To get started debugging on ARCHER2, you might like to use gdb4hpc. You should first of all compile your code using the -g flag to enable debugging symbols. Once compiled, load the gdb4hpc module and start it:

module load gdb4hpc
gdb4hpc

Once inside gdb4hpc, you can start your program’s execution with the launch command:

dbg all> launch $my_prog{128} ./prog

In this example, a job called my_prog will be launched to run the executable file prog over 128 cores on a compute node. If you run squeue in another terminal you will be able to see it running. Inside gdb4hpc you may then step through the code’s execution, continue to breakpoints that you set with break, print the values of variables at these points, and perform a backtrace on the stack if the program crashes. Debugging jobs will end when you exit gdb4hpc, or you can end them yourself by running, in this example, release $my_prog.

For more information on debugging parallel codes, see the documentation at ARCHER2 User and Best Practice Guide - Debugging.

Note

We will add more information on using the debugging tools once the ARCHER2 system is available.

Profiling tools

Profiling on ARCHER2 is provided through the Cray Performance Measurement and Analysis Tools (CrayPAT). This has a number of different components:

  • CrayPAT the full-featured program analysis tool set. CrayPAT consists of pat_build, the utility used to instrument programs, the CrayPat run time environment, which collects the specified performance data during program execution, and pat_report, the first-level data analysis tool, used to produce text reports or export data for more sophisticated analysis
  • CrayPAT-lite a simplified and easy-to-use version of CrayPAT that provides basic performance analysis information automatically, with a minimum of user interaction.
  • Reveal the next-generation integrated performance analysis and code optimization tool, which enables the user to correlate performance data captured during program execution directly to the original source, and identify opportunities for further optimization.
  • Cray PAPI components, which are support packages for those who want to access performance counters.
  • Cray Apprentice2 the second-level data analysis tool, used to visualize, manipulate, explore, and compare sets of program performance data in a GUI environment.

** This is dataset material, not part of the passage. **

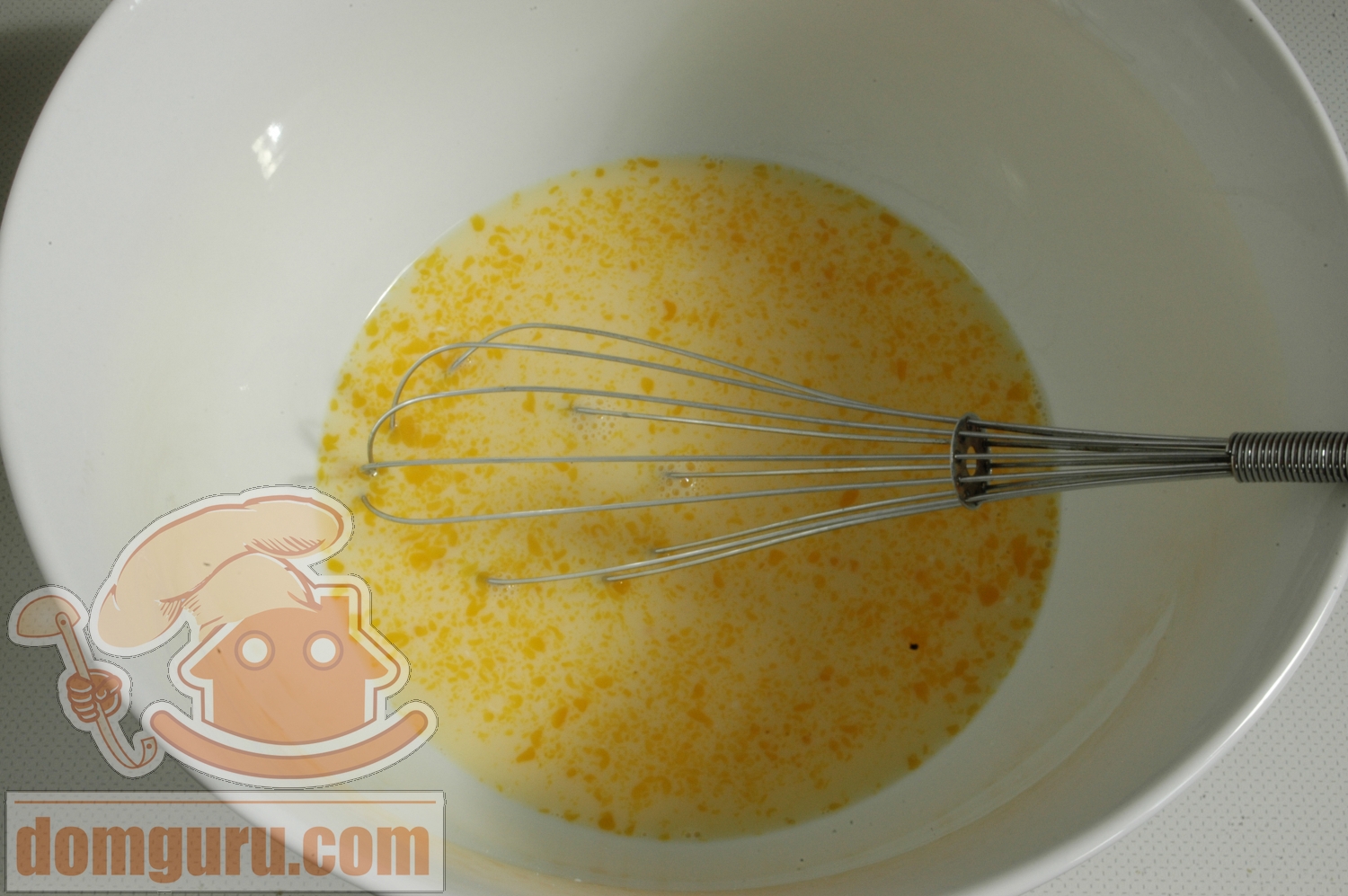 Взбейте в большой миске желтки с щепоткой соли, влейте молоко. Взбейте желтки и щепотку соли в большой миске. Добавьте молоко.

The above tools are made available for use by firstly loading the perftools-base module followed by either perftools (for CrayPAT, Reveal and Apprentice2) or one of the perftools-lite modules.

The simplest way to get started profiling your code is with CrayPAT-lite. For example, to sample a run of a code you would load the perftools-base and perftools-lite modules, and then compile (you will receive a message that the executable is being instrumented). Performing a batch run as usual with this executable will produce a directory such as my_prog+74653-2s which can be passed to pat_report to view the results. In this example,

pat_report -O calltree+src my_prog+74653-2s

will produce a report containing the call tree. You can view available report keywords to be provided to the -O option by running pat_report -O -h. The available perftools-lite modules are:

  • perftools-lite, instrumenting a basic sampling experiment.
  • perftools-lite-events, instrumenting a tracing experiment.
  • perftools-lite-gpu, instrumenting OpenACC and OpenMP 4 use of GPUs.
  • perftools-lite-hbm, instrumenting for memory bandwidth usage.
  • perftools-lite-loops, instrumenting a loop work estimate experiment.

For more information on profiling parallel codes, see the documentation at ARCHER2 User and Best Practice Guide - Profiling.

Note

We will add more information on using the profiling tools once the ARCHER2 system is available.